My son got the pump, which has helped immensely.  He had some dangerously high blood sugars that made him feel awful, and I think it scared him.  His endocronologist had some "come to Jesus" discussions with him that hit home.  And slowly, things started to turn around.  My son started to bring his grades up, started thinking seriously about his future and college.  He started working our regularly which has done wonders for his BS.  He reconnected with old friends.  He started to realilze that this was his new "normal", this was life, and he had a lot of things he wanted to do and accomplish - travel, college, etc. and he wasn't going to do that if he was sick.  His recent A1C was 7%.

As a parent, I used to think there was a "right and wrong" to diabetes, and now I know how wrong I was.  What works for one person may not work for another.  And BS can fluctuate with the wind - depending on hormones, stress, illness, honeymoon phase, etc, etc.  It's a constantly changing thing.  So we don't freak out anymore.  My son let's me know if he's concerned about something, and I help him work thru it.  

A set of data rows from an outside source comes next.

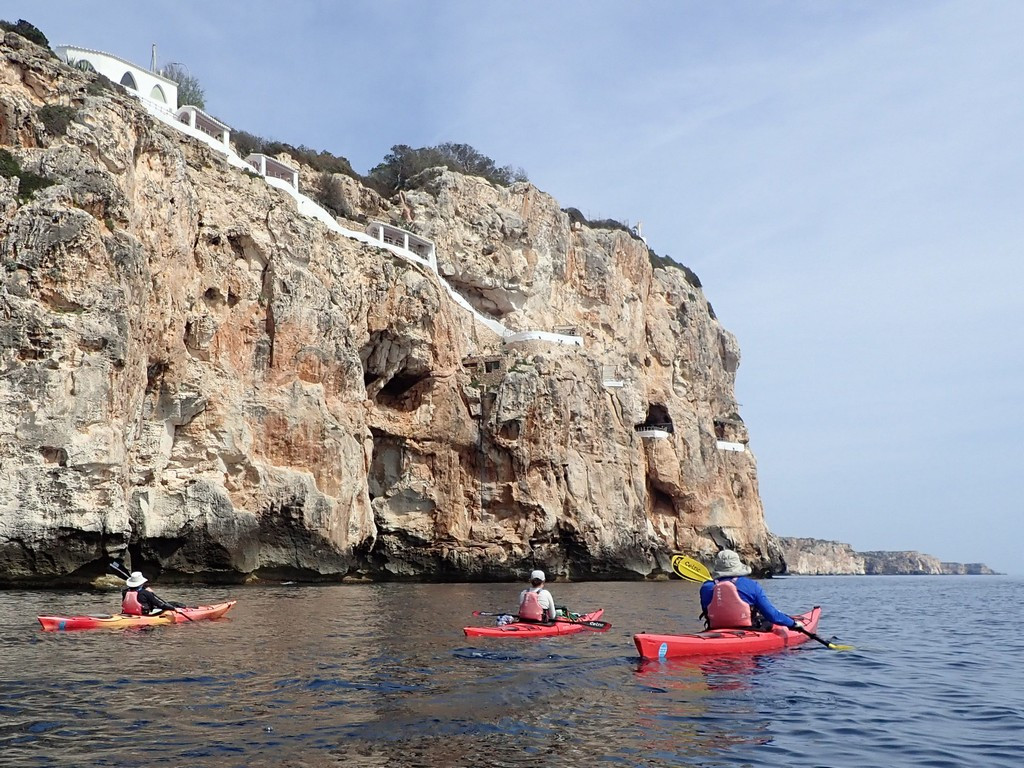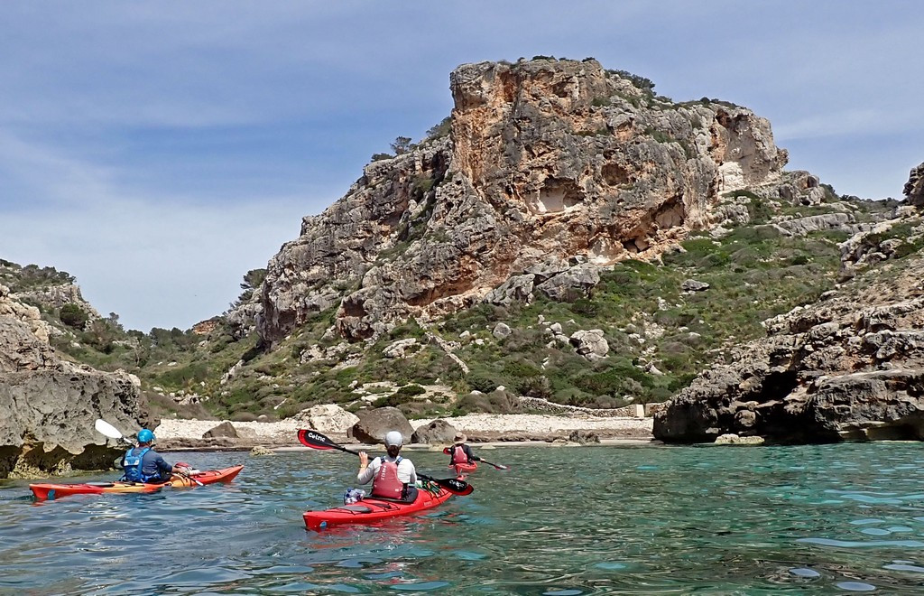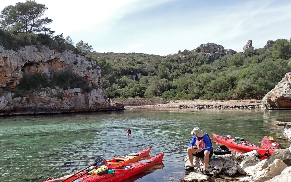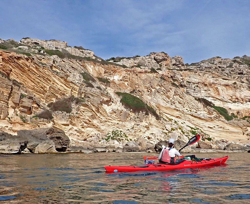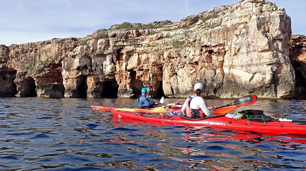 The previous day, we’d knocked 41km off the remaining distance but still had about 70km to paddle to complete the circumnavigation, and two consecutive 40km days might be too much. Today and tomorrow should be good paddling days, but the weather for the day after was as yet unclear. The further we went today, however, the lower the risk that we’d run out of time and have to ask for a pick up from Menorca en Kayak. That in turn might restrict our choice of overnight stop tomorrow, as a pick up would have to be from a beach with road access. There was also uncertainty about whether the wind would drop for Tuesday, so that if we stayed with the boats on a sheltered beach somewhere, we could paddle then. The alternative would be to return the boats on Saturday and find somewhere to stay. So the plan for today was to avoid too many stops and too many caves, but have a good break for lunch on a sunny beach where wet overnight gear could be dried.
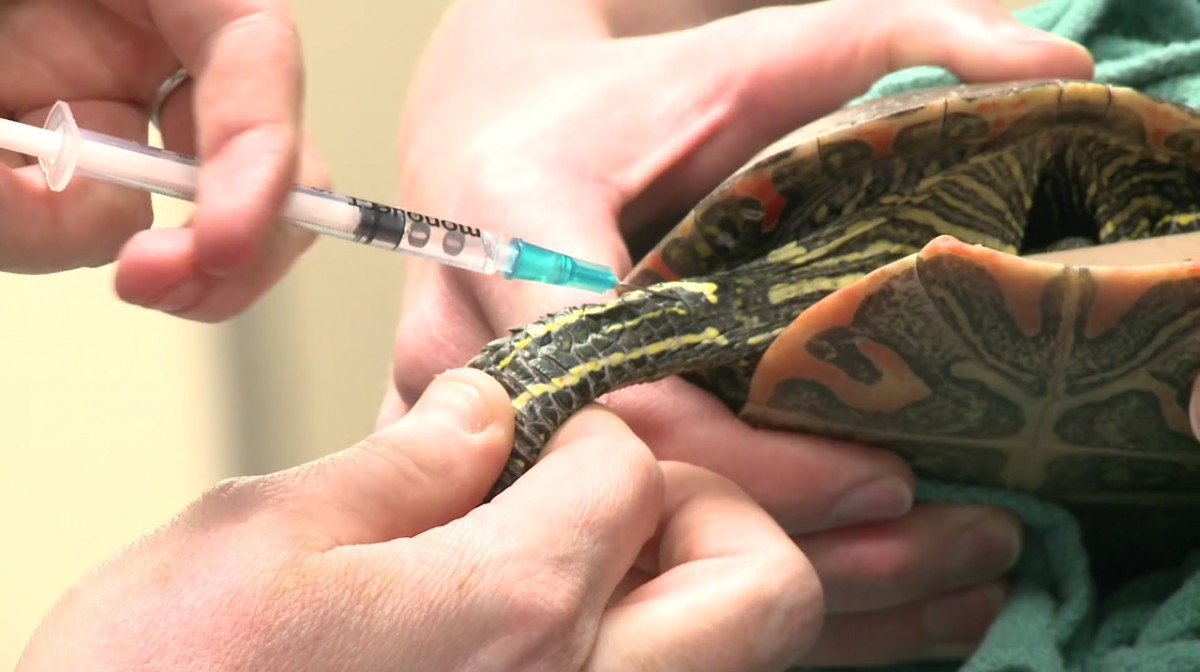в случае инфекционных поражений рептилии врач вводит в ее тело сертифицированные инъекции-антибиотики;
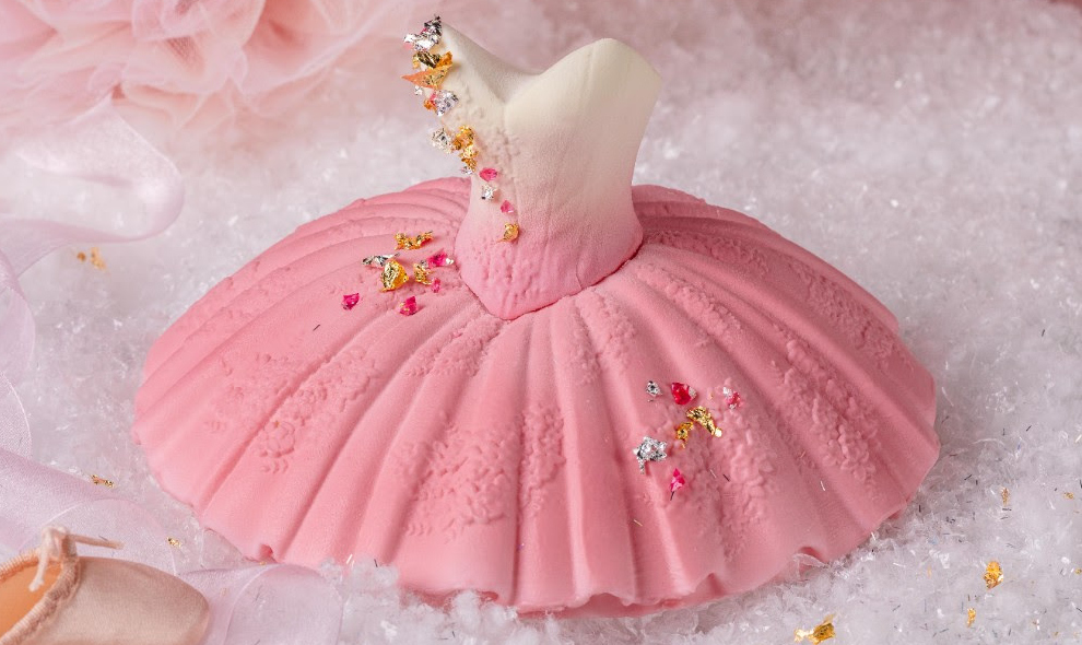 Imaginée par le chef Pâtissier Simon Letaillieur, L’Adage à la rose s’inspire du célèbre moment du ballet La Belle au bois dormant, où la princesse Aurore, entourée de ses prétendants, danse avec une rose dans les mains. Ce tutu emblématique, issu des archives de la Maison Repetto, devient ici un costume pâtissier, façonné comme un bijou éphémère. Tulle, plis, soie ?
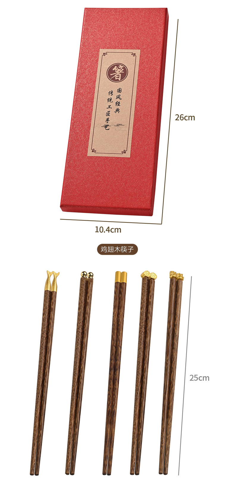 円形の福鶏翼木箸、紫檀箸、無塗装無ワックス無垢材箸、ギフト箸、中国風箸、家庭用福箸
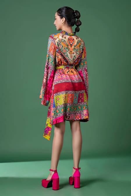 Multi-colored rayon twill wrap dress featuring floral and abstract prints. Comes with a coordinating belt for added style.
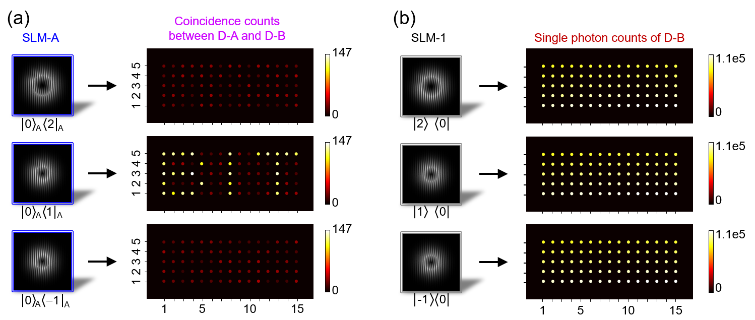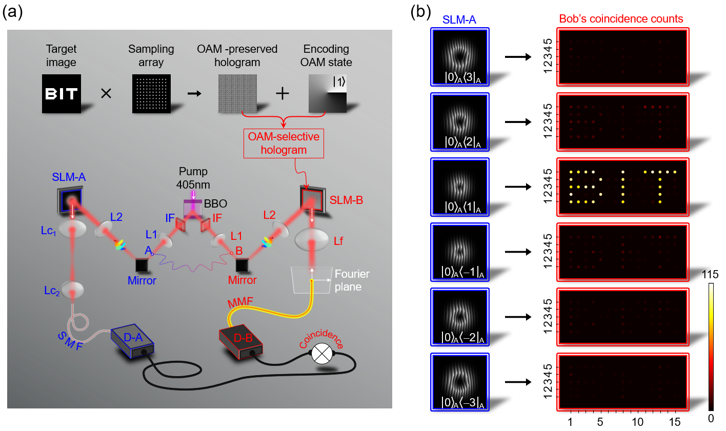 图1. 高维轨道角动量纠缠量子全息方案示意图(a)及其测量结果(b)。
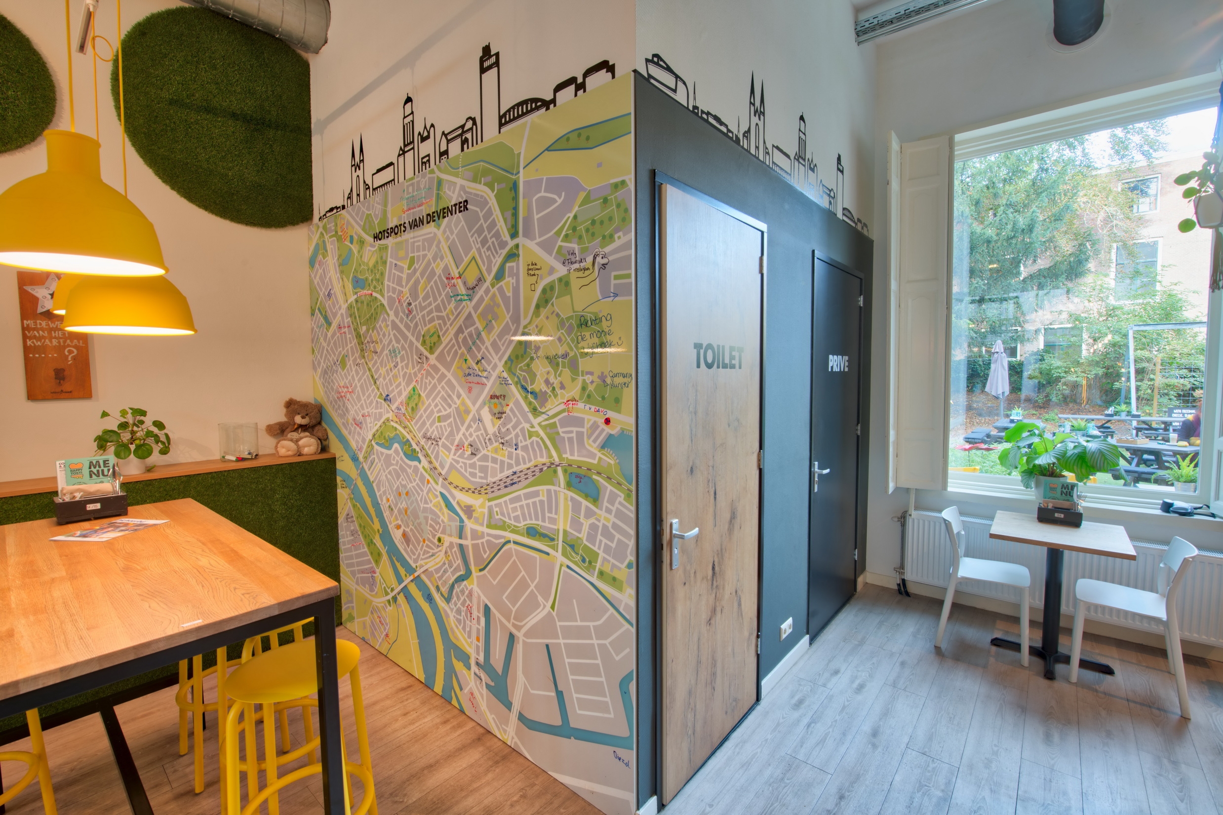 In het concept zijn er verschillende interieuronderdelen en eyecatchers die we in elk restaurant terug laten komen. Deze 'kenmerken' zorgen voor een 'happy' uitstraling en versterken het concept. Zo zie je bijvoorbeeld de schommels, de gele stoelen en vogelhuisjes in elk restaurant terug. Bij elke locatie willen we iets typerends van de stad terug laten komen. In Deventer is bijvoorbeeld een wand voorzien van een plattegrond van de binnenstad.
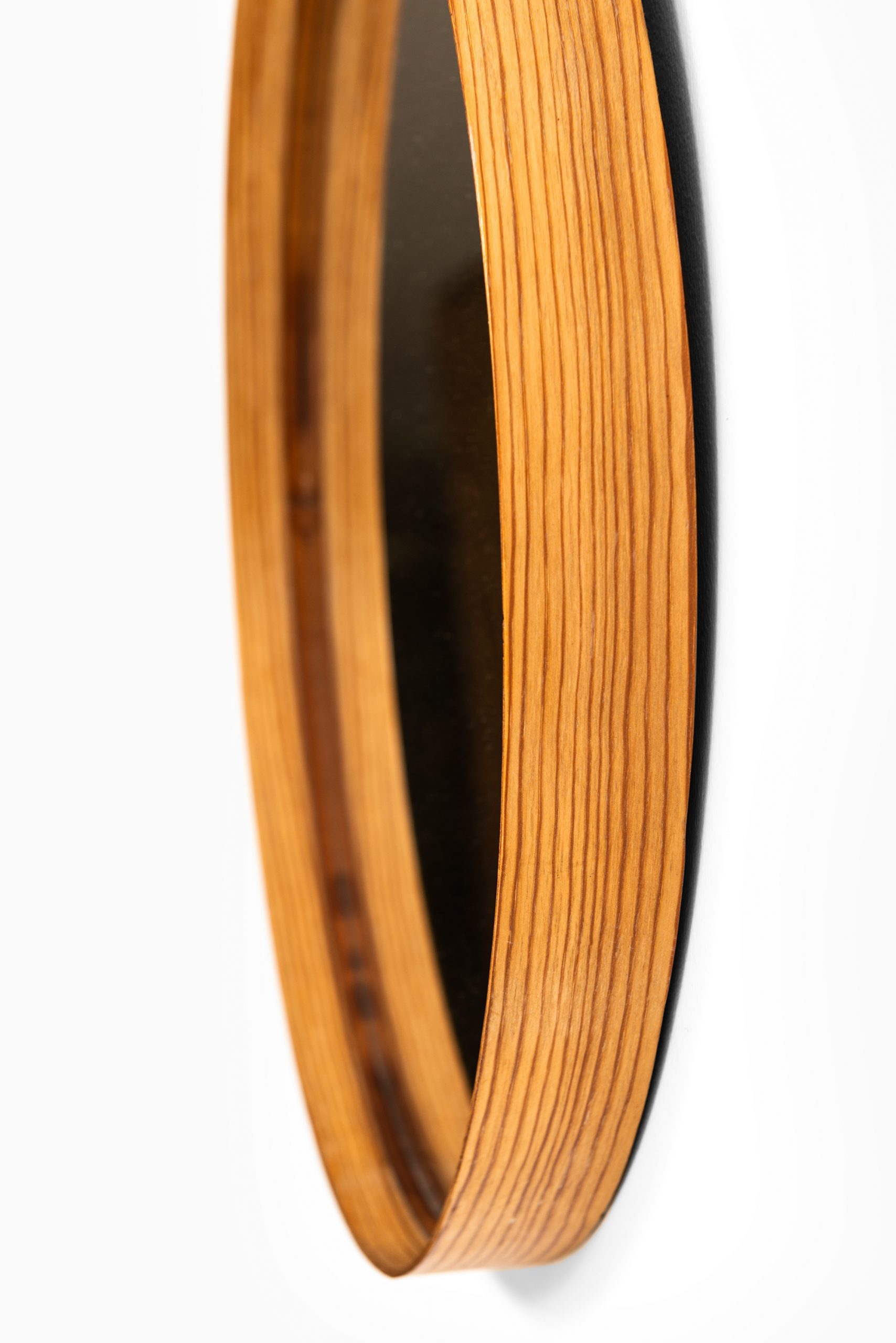 This rare circular wall mirror was produced by Glas Mäster in Markaryd, Sweden, during the 1950s. The design is a refined example of mid-century Scandinavian decorative arts, combining natural materials with minimalistic form and precision craftsmanship.

My son is 17 1/2 yr old now.  In 6 months he'll be off to college and I won't be sitting next to him to see what his sugars are, how he's feeling, etc.  And that has been very hard to come to terms with.  But what has helped me is I have put my son's health and wellbeing on HIM - it is HIS choice to be well, to take care of himself, to have the future he wants and do the things he wants to do.  I will always, always be there for him if he stumbles (and he will) but the hard, daily work is on him.  And it IS hard work.

So thank you again for all your responses.  My advice to anyone who is a parent of a newly diagnosed diabetic is - have patience and love.  This disease sucks.  We get to deal with it from the sidelines - they have to deal with it 24/7.